▶ **What you will do**
When you reach the line with "На Донеччині через" in the listing below, write out that line and every one after it exactly, and skip the pictures.

▶ **Dataset extract**
§ §

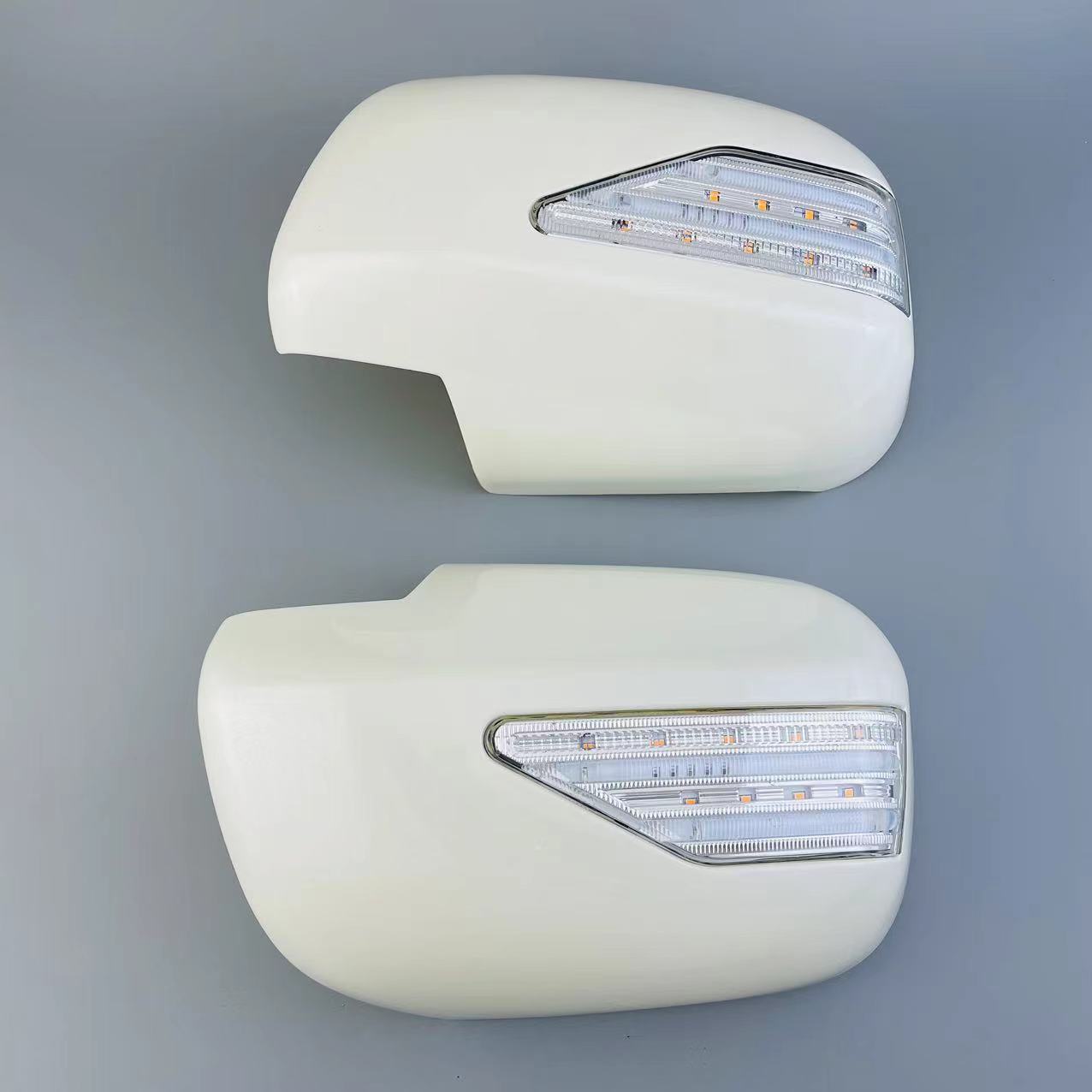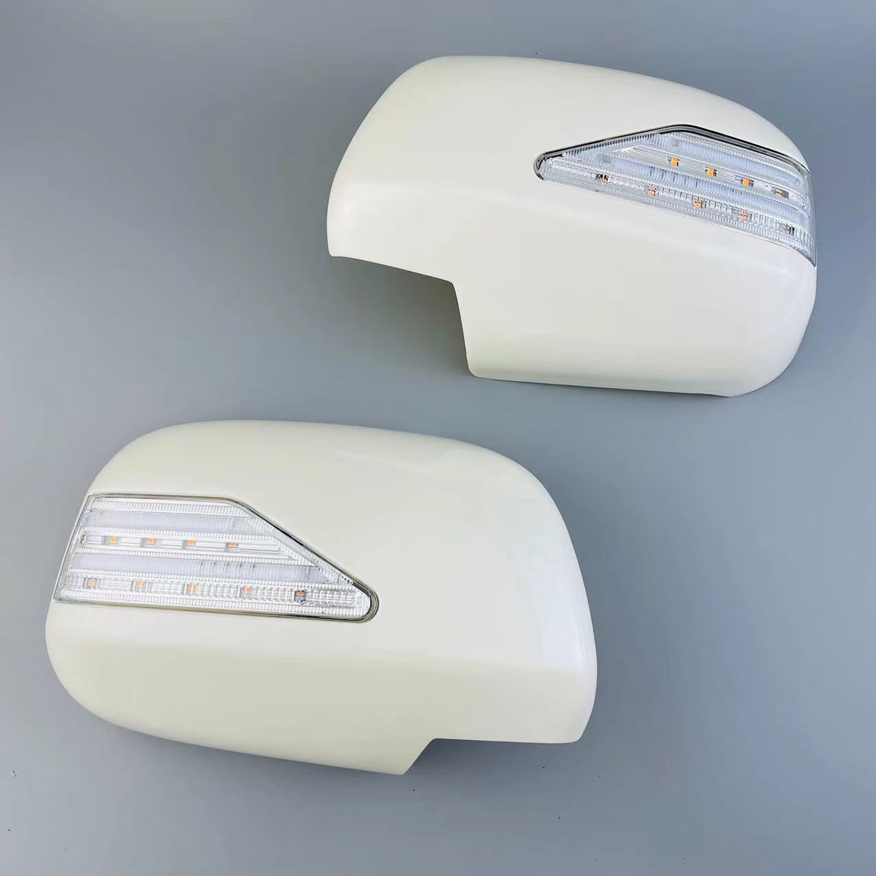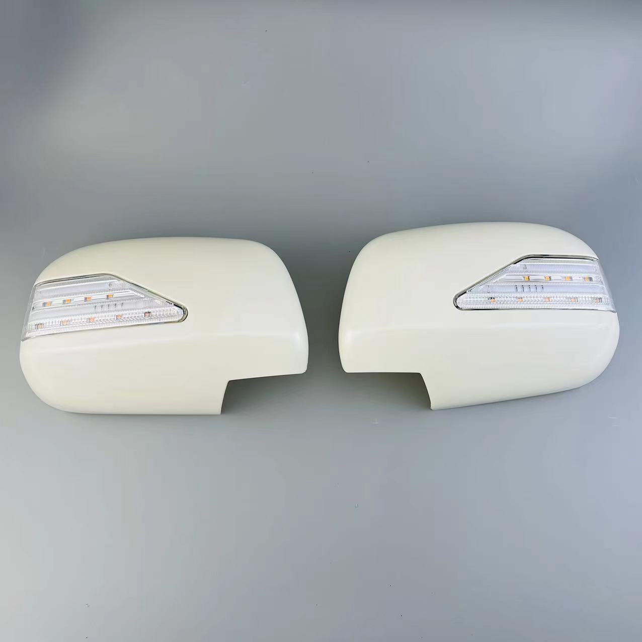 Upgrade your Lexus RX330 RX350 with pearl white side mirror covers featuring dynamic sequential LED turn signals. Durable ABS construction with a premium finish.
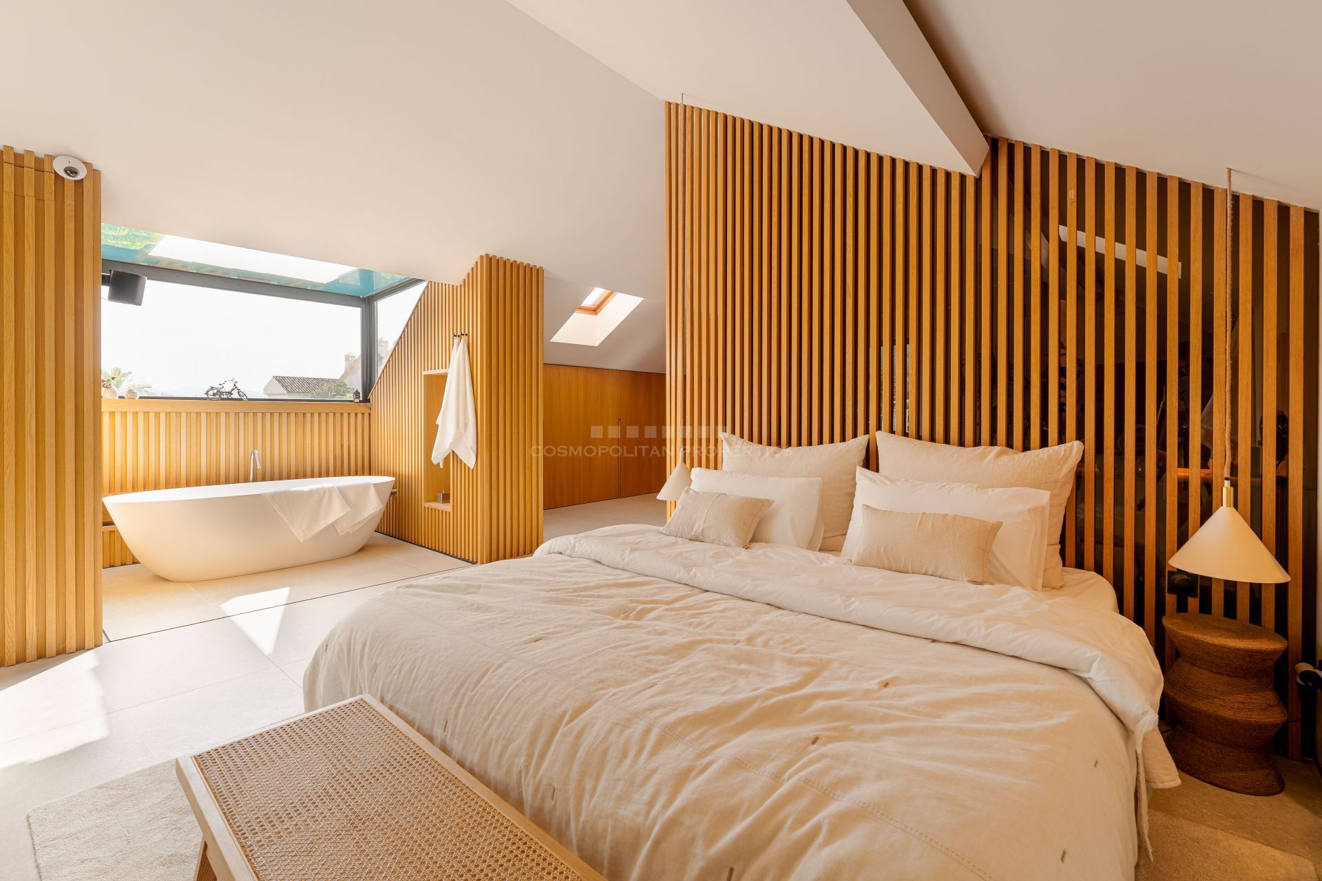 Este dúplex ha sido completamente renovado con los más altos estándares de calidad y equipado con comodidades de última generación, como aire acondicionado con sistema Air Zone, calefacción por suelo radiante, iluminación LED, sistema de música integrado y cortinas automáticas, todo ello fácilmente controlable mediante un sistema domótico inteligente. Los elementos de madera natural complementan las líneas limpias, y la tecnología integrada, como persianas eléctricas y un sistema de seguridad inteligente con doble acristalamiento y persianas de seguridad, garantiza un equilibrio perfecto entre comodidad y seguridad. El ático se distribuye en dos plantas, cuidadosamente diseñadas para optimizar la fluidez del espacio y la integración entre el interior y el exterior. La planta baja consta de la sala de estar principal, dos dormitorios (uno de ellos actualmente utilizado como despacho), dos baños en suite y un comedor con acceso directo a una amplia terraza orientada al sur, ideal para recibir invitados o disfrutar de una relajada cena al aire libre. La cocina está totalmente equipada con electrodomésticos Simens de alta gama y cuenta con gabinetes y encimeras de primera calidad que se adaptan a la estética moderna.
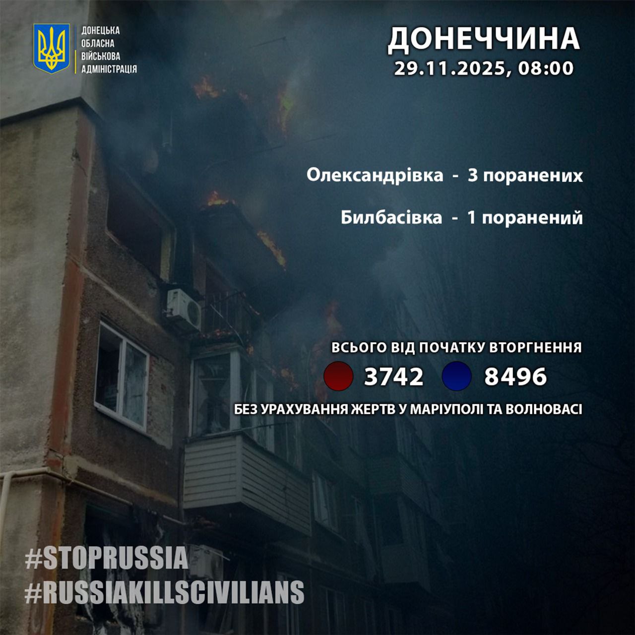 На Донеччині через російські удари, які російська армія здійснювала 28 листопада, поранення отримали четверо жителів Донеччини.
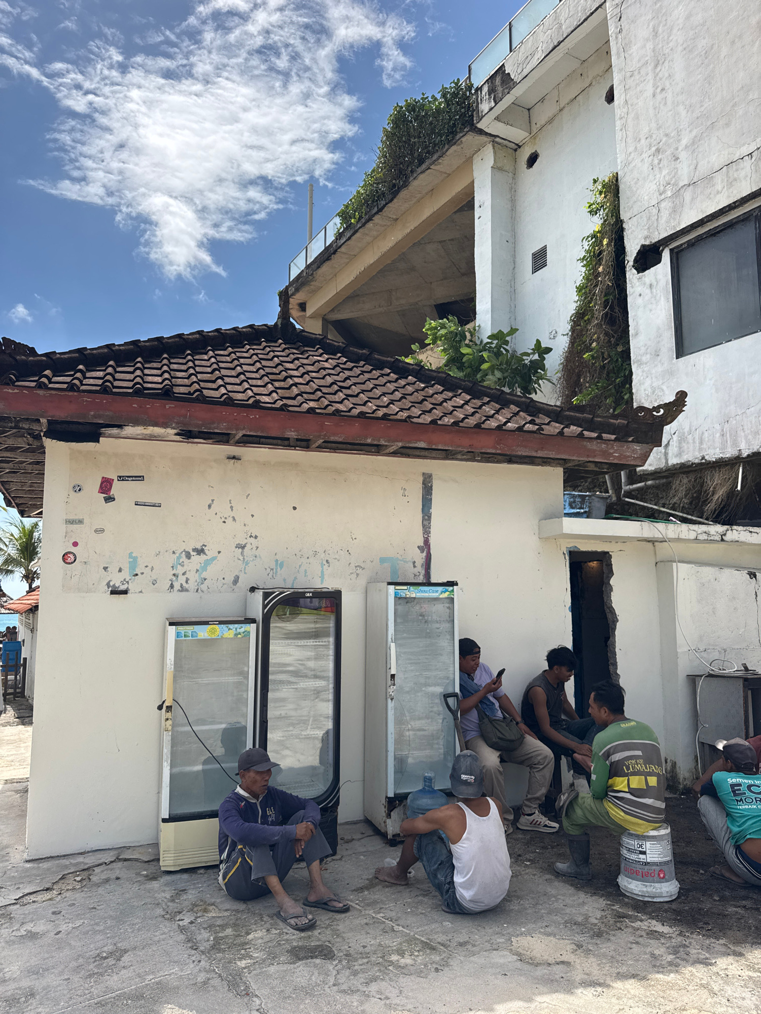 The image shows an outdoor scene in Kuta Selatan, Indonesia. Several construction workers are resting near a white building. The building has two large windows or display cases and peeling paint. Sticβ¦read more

§ §

▶ **Reply**
 На Донеччині через російські удари, які російська армія здійснювала 28 листопада, поранення отримали четверо жителів Донеччини.
 The image shows an outdoor scene in Kuta Selatan, Indonesia. Several construction workers are resting near a white building. The building has two large windows or display cases and peeling paint. Sticβ¦read more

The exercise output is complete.